• [Given records]
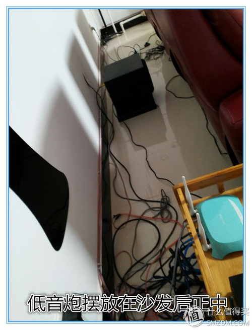 這里要簡單說說低音炮的擺放位置,因為我的功放在沙發(fā)這邊,低音炮如果想放在放在電視柜這邊,就需要布一根很長的炮線麻煩不說,又要花錢買線。所以么,直接放在了沙發(fā)后面。因為我試過了放在沙發(fā)左邊或者右邊,還是能分辨出低音傳來的方向,而放在沙發(fā)后面,由于沙發(fā)與墻壁形成了一個左右和上方開放的半封閉的空間,沒有了明顯的方向感,效果還是不錯的。我感覺可能這樣的擺放并不符合聲學(xué)原理,燒友和玩家可能又該說我外行了。當(dāng)然我必須承認(rèn)我的確是個外行,但是自己的家庭影院自己做主,自己覺得好就可以啦。
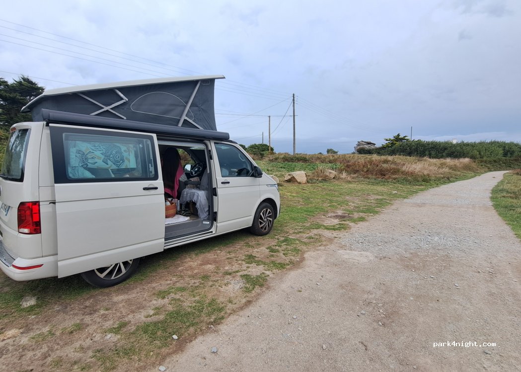 Petit parking agréable avec vue sur mer, mais beaucoup de passages car les gens vont se promener dans le parc naturel qui est juste après le parking (et qui vaut le detour!). Maisons pas trop loin, donc calme à respecter. Pas de commodités.
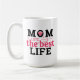 Toot motherhood with this "Mom Life Is The Best Life" cute coffee mug, ideal Mother's Day gift for mom, mom birthday gift, or just because gift. Featuring bold black and pink words with different shapes and sizes of hearts, this gift for her is an excellent personalized mom gift.
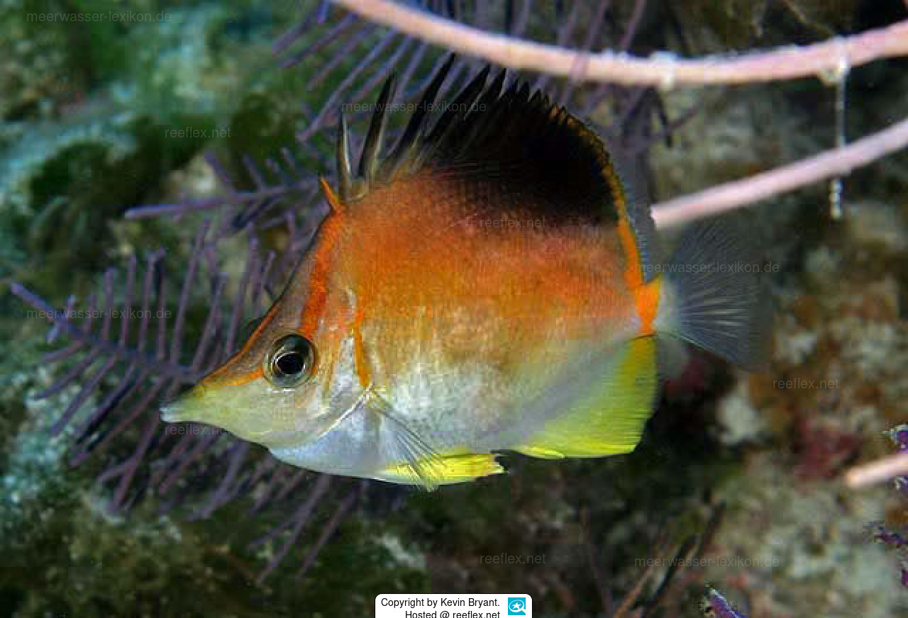 Prognathodes aculeatus upper body is yellow-orange and becoming dark brown in dorsal fin, the lower body and head is whitish. It has a brownish eyeband above eye, continuing as yellow-orange stripe from eye to the upper edge of snout; a median snout stripe is present. An orange stripe extends through soft dorsal fin and crosses caudal peduncle; orange stripe along upper posterior edge of opercle present. The ventral and anal fins are yellow. Caudal and pectoral fins hyaline.
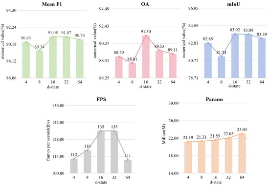 This section examines the impact of the d-state value on the model. The d-state, a crucial parameter in the VSS block, determines the dimensionality of the state parameters and the complexity of the associated probability distribution. Experiments were conducted on the Vaihingen test set with d-state values of 4, 8, 16, 32, and 64, evaluating mean F1, OA, mIoU, FPS, and Params (Table 3). It can be observed that varying the d-state influenced all metrics (Figure 7). In particular, when the d-state value was 16, the mean F1, OA, and mIoU reached their optimal performance at 91.08%, 91.30%, and 83.92%, respectively. Additionally, the FPS was highest when the d-state values were 16 and 32, at 135 FPS. Regarding the parameters, it was observed that the parameters increased as the d-state value increased. When the d-state value was 4, the parameters were 21.19 M, while when the d-state value was 16, the parameters were 21.55 M, representing an increase of only 0.36 M. Overall, the model achieved optimal performance when the d-state value was 16.
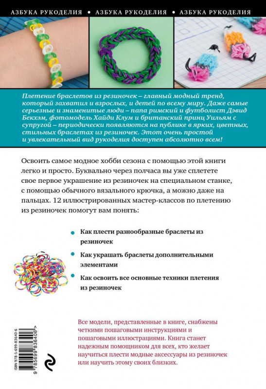 Плетение украшений из резиночек - самый модный вид рукоделия, которым увлечены люди разных возрастов во всех странах мира. Книга, которую вы держите в руках, поможет вам легко и просто освоить это увлекательное хобби. Изучив 15 подробных иллюстрированных мастер-классов, вы сможете плести модные браслеты и фигурки из резиночек для себя и в подарок, сможете разделить свой творческий досуг с детьми. Приятного творчества!
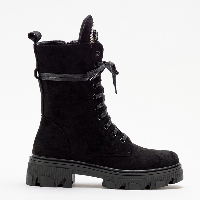 - Высокие женские ботинки с экологической замши, на шнуровке и молнии. Модель имеет украшение на языке. Идеальный выбор в прохладные дни!
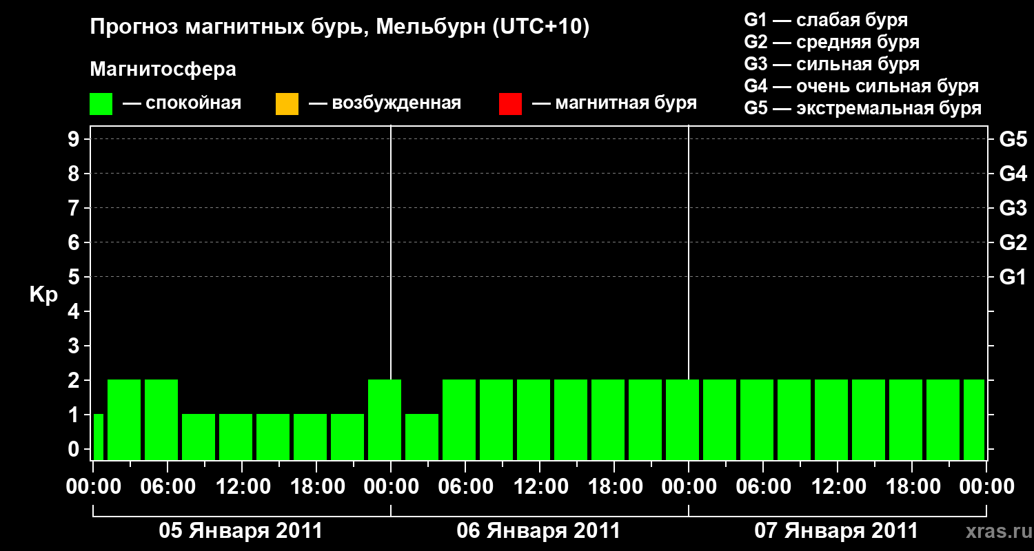 Прогноз магнитных бурь в Мельбурне — 5 января 2011 года
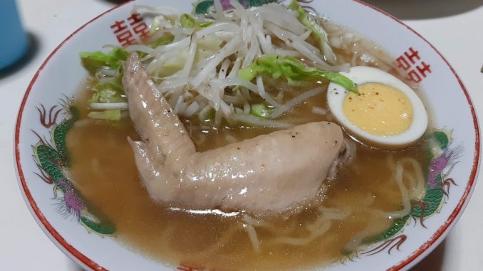 夕ご飯で食べた手羽先を利用して、ラーメンを作ってみました。
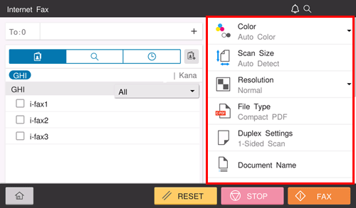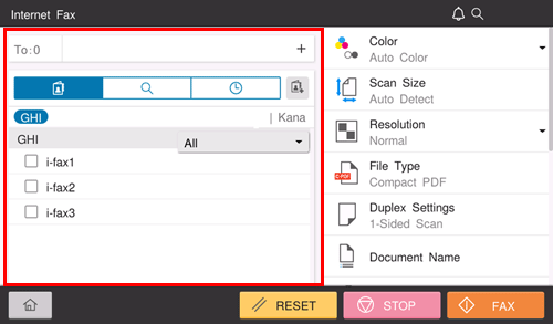 Using the Stop key enables you to stop scanning the original. A list of the currently stopped jobs is displayed. To stop transmission, select the target job from the list, and delete it.
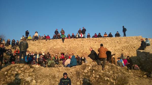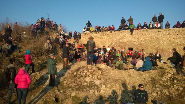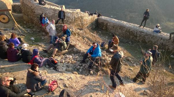 The guests were welcomed by the researcher Dr. Sam Osmanagich. He spoke about the location of several cultural layers: a medieval fortress, ancient Roman watchtower and the Illyrian settlement, and that they are all located on the top of an ancient pyramid structure. He also mentioned a significance of the Spring Equinox.
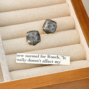 灰色水碎钻方块耳钉
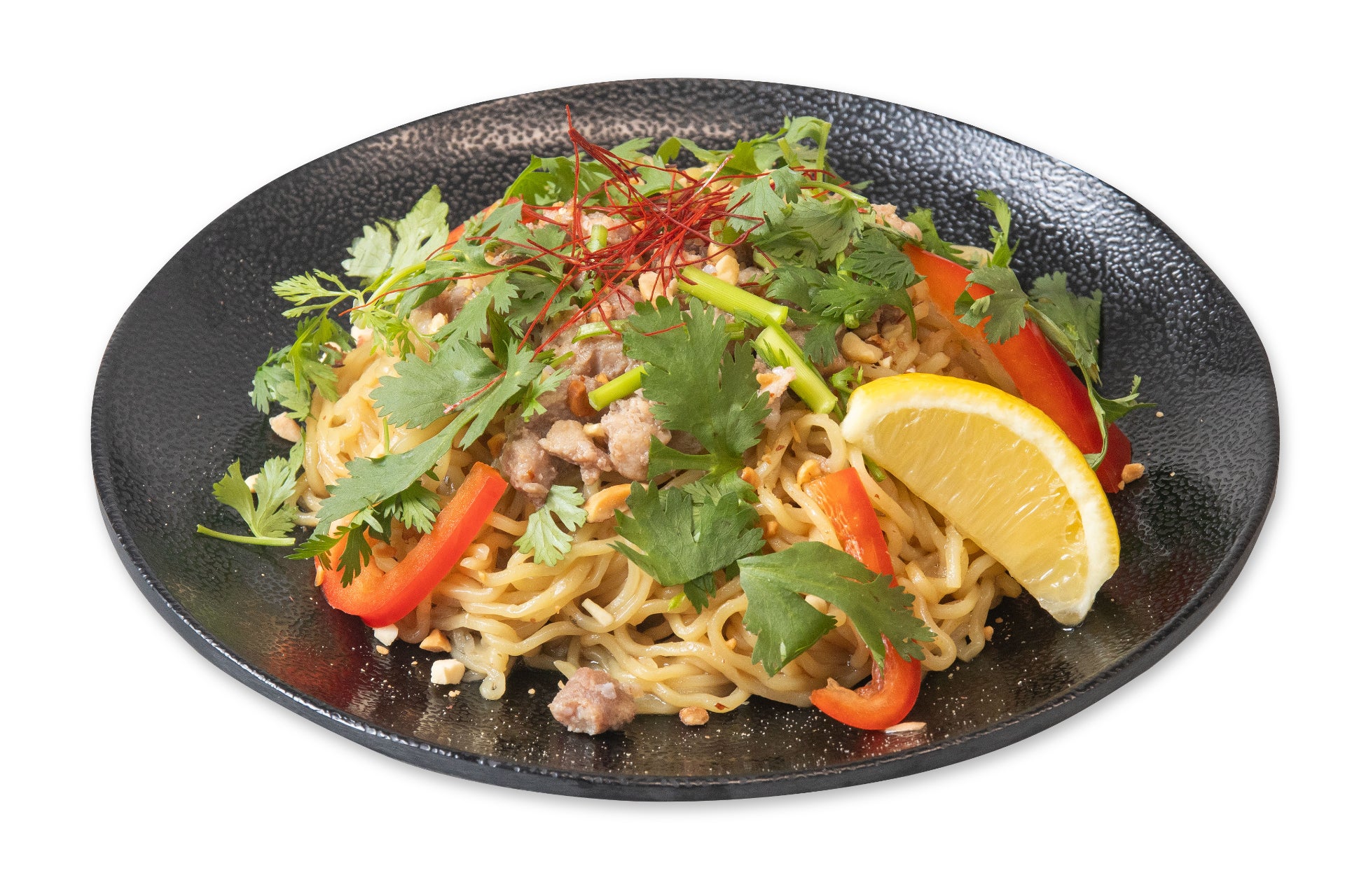 パクチーを盛り付けた、タイ風の汁なし混ぜそば。レモンを絞ってさっぱりとした味わいに。

• [Problem] Output exactly the lines above, beginning at the one with "Прогноз магнитных бурь" and stopping after the one with "Using the Stop". Pictures are to be omitted.

• [Output for this task]
 Прогноз магнитных бурь в Мельбурне — 5 января 2011 года
 夕ご飯で食べた手羽先を利用して、ラーメンを作ってみました。
 Using the Stop key enables you to stop scanning the original. A list of the currently stopped jobs is displayed. To stop transmission, select the target job from the list, and delete it.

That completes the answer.